W ciągu kilku minut całą Wieżę ogarnęło szaleństwo. Zapomniana Egwene stała pod ścianą korytarza w towarzystwie grupki nowicjuszek o zaczerwienionych oczach, podczas gdy siostry wykłócały się podniesionymi głosami, próbując ustalić, co robić. Wychodziło na to, że podmienione zostały dwie partie Wieży, a pogrążone w śnie Brązowe siostry zostały bez swej wiedzy przeniesione wraz z apartamentami na niższe piętro. Natomiast pokoje nowicjuszek – zresztą całkowicie nietknięte – znalazły się na miejscu kwater Brązowych. Kiedy nastąpiła zamiana, żadna z kobiet nie wiedziała, żadna też nie pamiętała najdrobniejszego wrażenia ruchu ani bodaj drgnienia, na dodatek zamiana nie pozostawiła śladu w konstrukcji Wieży. Ucięty równo jak nożem szereg płytek posadzki zlewał się po prostu z granicą sekcji budowli, która została przeniesiona.

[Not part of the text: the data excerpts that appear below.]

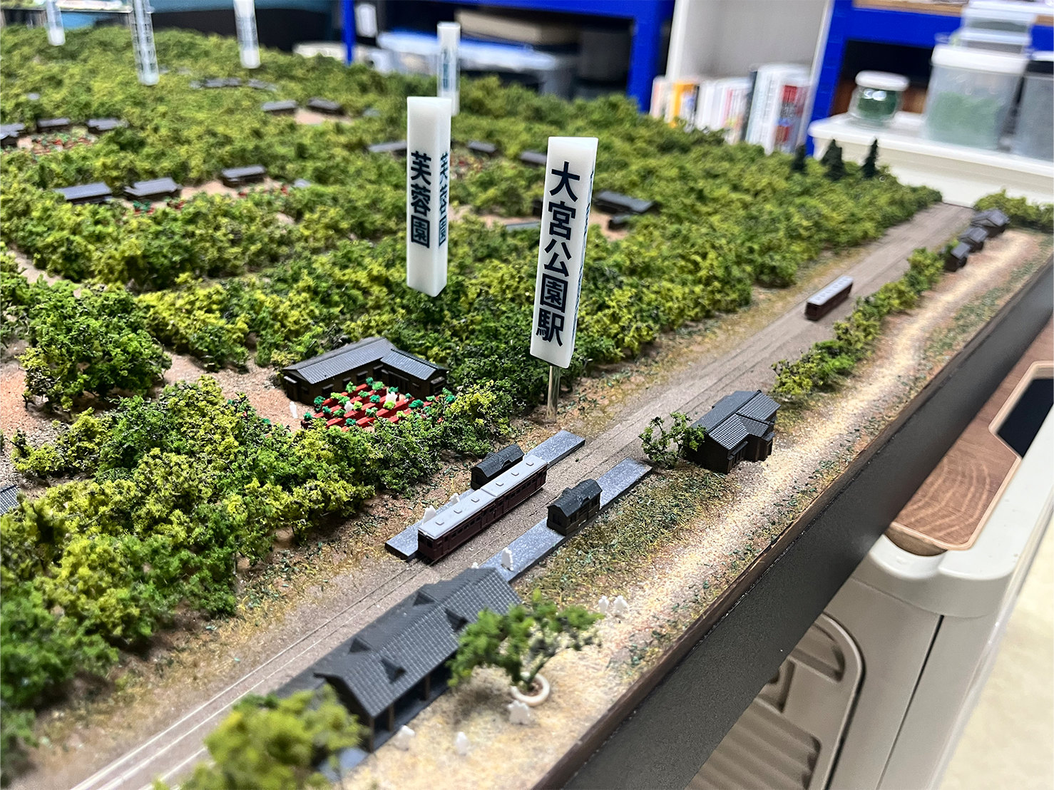 当時の街並みや住居の屋根瓦、盆栽庭園の配置など、資料や現地取材をもとに細部まで忠実に表現。
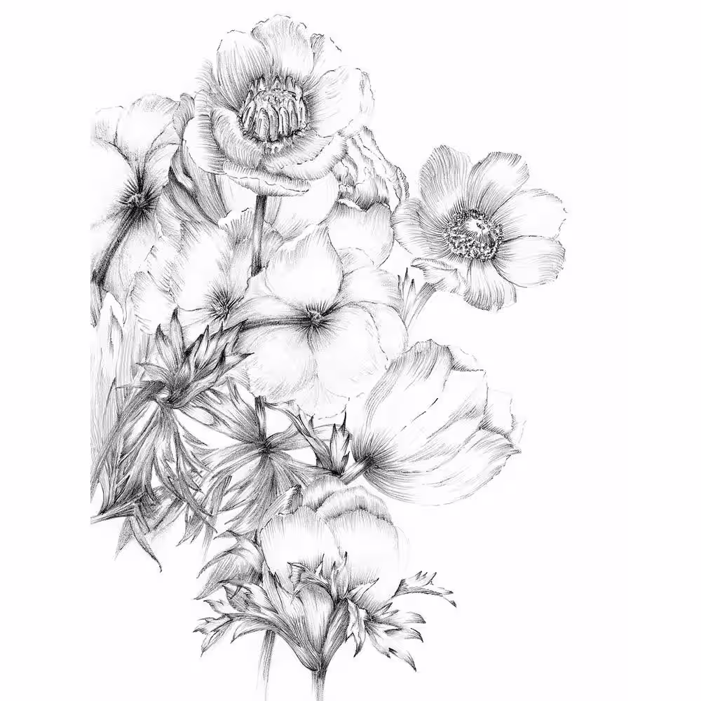 Komar 98 in. x 72 in. Black Embroidered Flowers Wall Mural
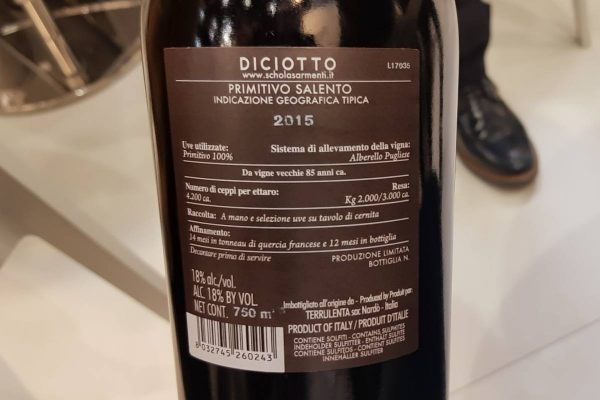 Rượu vang Ý Diciotto IGT Primitivo Salento được biết như một dòng rượu vang chén thánh 18 độ nổi tiếng cao cấp, được sản xuất giới hạn của hãng rượu Schola Sarmenti với những gốc nho trên 80 năm tuổi, làm từ những trái nho già với hương vị nồng nàn , mạnh mẽ được trồng trên vùng trồng nho nổi tiếng Salento.

„Z każdą chwilą jest coraz gorzej” – pomyślała Egwene, gdy Brązowe siostry doszły do wniosku, że nie pozostaje im nic innego, jak pogodzić się z przemianą. Nie mogły przecież ulokować sióstr w niewielkich pokojach dla nowicjuszek.
Ale przy takim rozwiązaniu kwatery sióstr zostaną podzielone, połowa będzie mieszkać w jednym skrzydle, połowa na starym miejscu – a poza tym będą miały wśród siebie gromadkę nowicjuszek. Co zresztą, jak pomyślała Egwene, będzie jawnym symbolem znacznie bardziej niejawnych podziałów, które trapiły Ajah.
W końcu wyczerpana Egwene i pozostałe nowicjuszki zostały odesłane do łóżek – od których teraz dzieliło je wiele kondygnacji schodów.